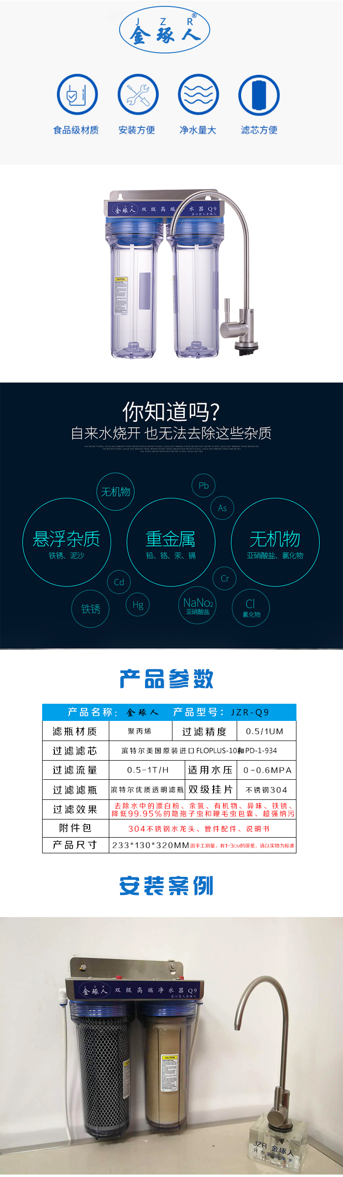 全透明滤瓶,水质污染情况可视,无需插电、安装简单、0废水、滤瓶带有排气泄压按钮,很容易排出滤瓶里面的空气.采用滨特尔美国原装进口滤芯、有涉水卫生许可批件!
+-------+
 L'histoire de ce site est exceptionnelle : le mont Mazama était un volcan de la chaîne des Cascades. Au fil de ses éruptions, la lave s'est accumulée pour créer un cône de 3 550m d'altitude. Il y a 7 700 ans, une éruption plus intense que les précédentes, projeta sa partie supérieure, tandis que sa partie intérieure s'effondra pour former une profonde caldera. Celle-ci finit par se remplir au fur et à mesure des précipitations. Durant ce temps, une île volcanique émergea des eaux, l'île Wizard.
+-------+
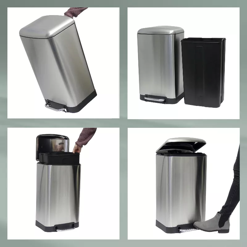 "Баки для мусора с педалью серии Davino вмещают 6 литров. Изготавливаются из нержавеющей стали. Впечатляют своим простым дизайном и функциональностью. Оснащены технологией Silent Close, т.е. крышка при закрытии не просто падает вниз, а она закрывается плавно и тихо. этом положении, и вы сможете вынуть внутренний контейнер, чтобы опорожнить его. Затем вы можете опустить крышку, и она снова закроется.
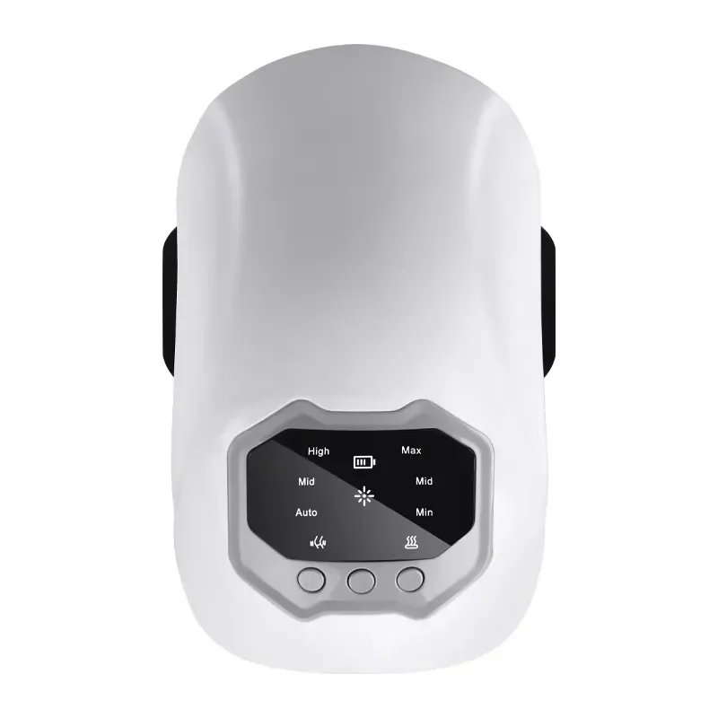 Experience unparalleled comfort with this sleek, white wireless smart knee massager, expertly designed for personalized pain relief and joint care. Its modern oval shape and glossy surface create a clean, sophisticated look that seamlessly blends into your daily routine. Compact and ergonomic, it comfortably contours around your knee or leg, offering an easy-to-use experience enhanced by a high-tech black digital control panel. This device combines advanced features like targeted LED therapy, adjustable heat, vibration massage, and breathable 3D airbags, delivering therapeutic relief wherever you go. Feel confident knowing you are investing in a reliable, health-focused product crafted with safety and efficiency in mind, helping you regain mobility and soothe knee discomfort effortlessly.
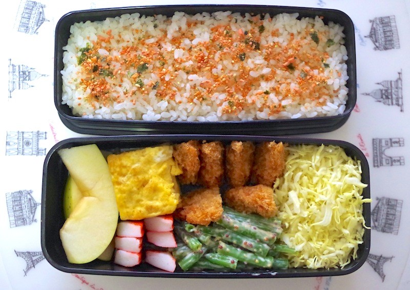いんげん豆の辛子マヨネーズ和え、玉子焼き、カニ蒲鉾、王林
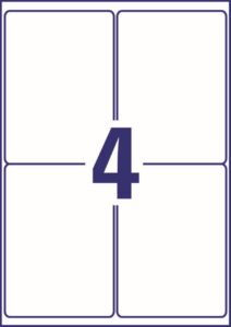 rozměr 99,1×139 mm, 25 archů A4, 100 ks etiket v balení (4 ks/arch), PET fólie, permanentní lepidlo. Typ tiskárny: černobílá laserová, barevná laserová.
+-------+
What the task asks - Looking above, find the stretch of lines that opens with the one holding "она снова закроется." and closes with the one holding "rozměr 99,1×139 mm, 25". Copy it exactly, pictures excluded.

Your response -
 "Баки для мусора с педалью серии Davino вмещают 6 литров. Изготавливаются из нержавеющей стали. Впечатляют своим простым дизайном и функциональностью. Оснащены технологией Silent Close, т.е. крышка при закрытии не просто падает вниз, а она закрывается плавно и тихо. этом положении, и вы сможете вынуть внутренний контейнер, чтобы опорожнить его. Затем вы можете опустить крышку, и она снова закроется.
 Experience unparalleled comfort with this sleek, white wireless smart knee massager, expertly designed for personalized pain relief and joint care. Its modern oval shape and glossy surface create a clean, sophisticated look that seamlessly blends into your daily routine. Compact and ergonomic, it comfortably contours around your knee or leg, offering an easy-to-use experience enhanced by a high-tech black digital control panel. This device combines advanced features like targeted LED therapy, adjustable heat, vibration massage, and breathable 3D airbags, delivering therapeutic relief wherever you go. Feel confident knowing you are investing in a reliable, health-focused product crafted with safety and efficiency in mind, helping you regain mobility and soothe knee discomfort effortlessly.
いんげん豆の辛子マヨネーズ和え、玉子焼き、カニ蒲鉾、王林
 rozměr 99,1×139 mm, 25 archů A4, 100 ks etiket v balení (4 ks/arch), PET fólie, permanentní lepidlo. Typ tiskárny: černobílá laserová, barevná laserová.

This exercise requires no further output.